2. The missile container according to claim 1, wherein said container roof is formed with a passage opening and said movement mechanism projects through said passage opening the operating position and when said container roof closes a roof opening, and wherein said passage opening is closed by a roof flap when said movement mechanism is moved out of said passage opening.

3. The missile container according to claim 2, wherein said roof flap and said movement mechanism are disposed with respect to each other such that said movement mechanism presses on said roof flap by moving into the operating position.

4. The missile container according to claim 1, wherein said container roof has at least one roof wing resting on said container housing.

5. The missile container according to claim 4, wherein said roof wing engages around an upper edge of a sidewall of said container housing from above and to the side.

6. The missile container according to claim 4, which comprises an opening device for opening said roof wing by pivoting said roof wing upwards and to the side.

7. The missile container according to claim 4, wherein said roof wing is mounted pivotably about a single axis of rotation.

8. The missile container according to claim 7, wherein said axis of rotation is arranged by more than 25% of the container width below a container upper edge on which said roof wing rests.

9. The missile container according to claim 4, further comprising an opening device for moving said roof wing by pivoting said roof wing to move an exterior side of said roof wing during closure with an angle of displacement of less than 10° relative to the horizontal towards a container sidewall.

10. The missile container according to claim 4, wherein said roof wing has an inner cover which, in an open state, covers and protects an upper edge of a sidewall of said container housing.

11. The missile container according to claim 4, wherein, in an open state thereof, said roof wing is supported on a sidewall of said container housing such that an opening device for opening said roof wing is force-free.

12. A method of operating a missile container having a container housing, a container roof, and at least one canister for supporting a missile, the method comprising:

opening a roof wing of the container housing to thereby open a roof opening;

moving the canister with a movement mechanism from a storage position in the container housing through the roof opening into an operating position;

with the canister in the operating position, closing the roof wing to thereby close the roof opening.
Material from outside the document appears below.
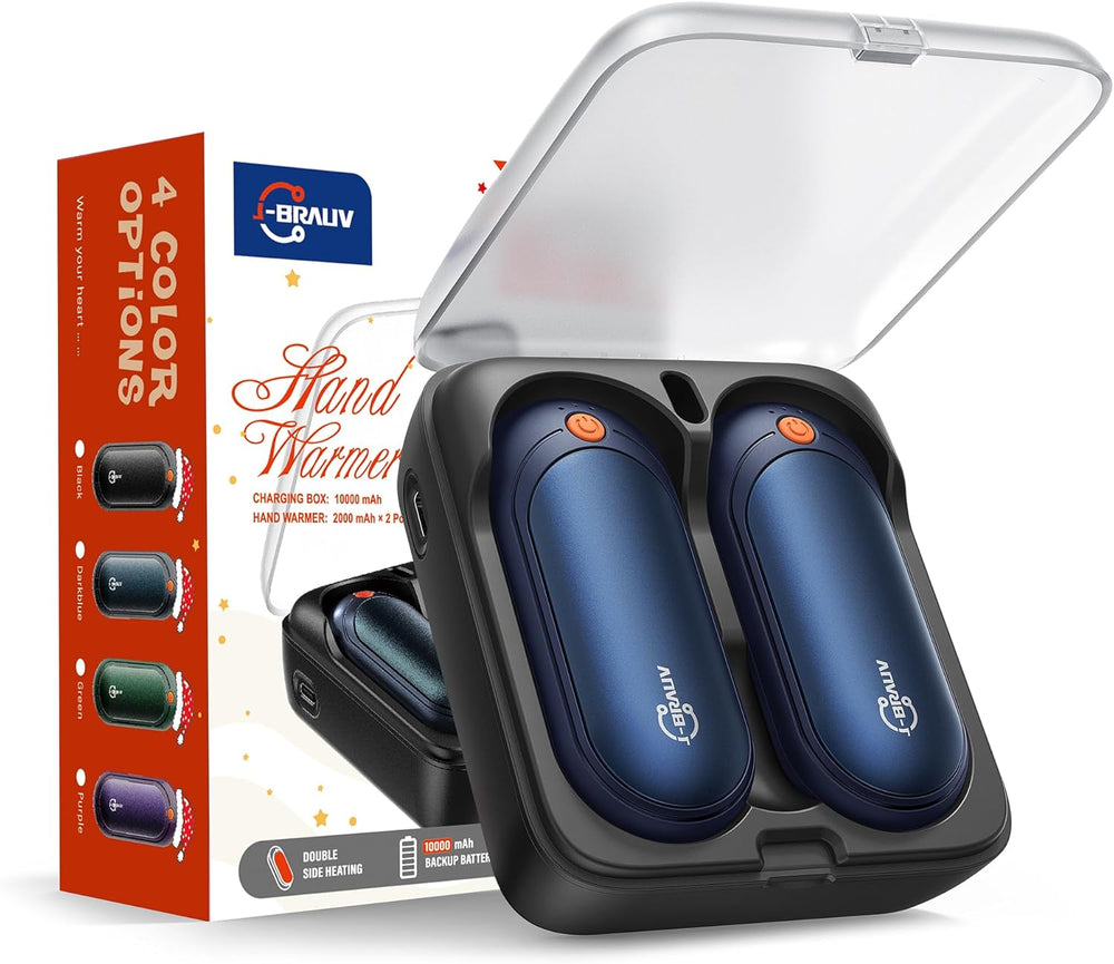 J-BRAUV Handwärmer Elektrisch 2er Set, 4000mAh Taschenwärmer Wiederverwendbar Mit 10000mAh Ladebox,

13. The method according to claim 12, wherein the moving step comprises pressing with the movement mechanism on a closure of the container roof, whereupon the closure releases a passage opening in the container roof.

14. The method according to claim 13, which comprises moving the movement mechanism out of the operating position, whereupon the closure closes in a spring-driven manner and closes the passage.

15. The method according to claim 12, wherein the roof wing, upon being moved out of a closed position thereof, pivots sideways and at the same time moves to the side such that any water on the roof wing flows off laterally and drops off at a lateral spacing distance from the container side wall.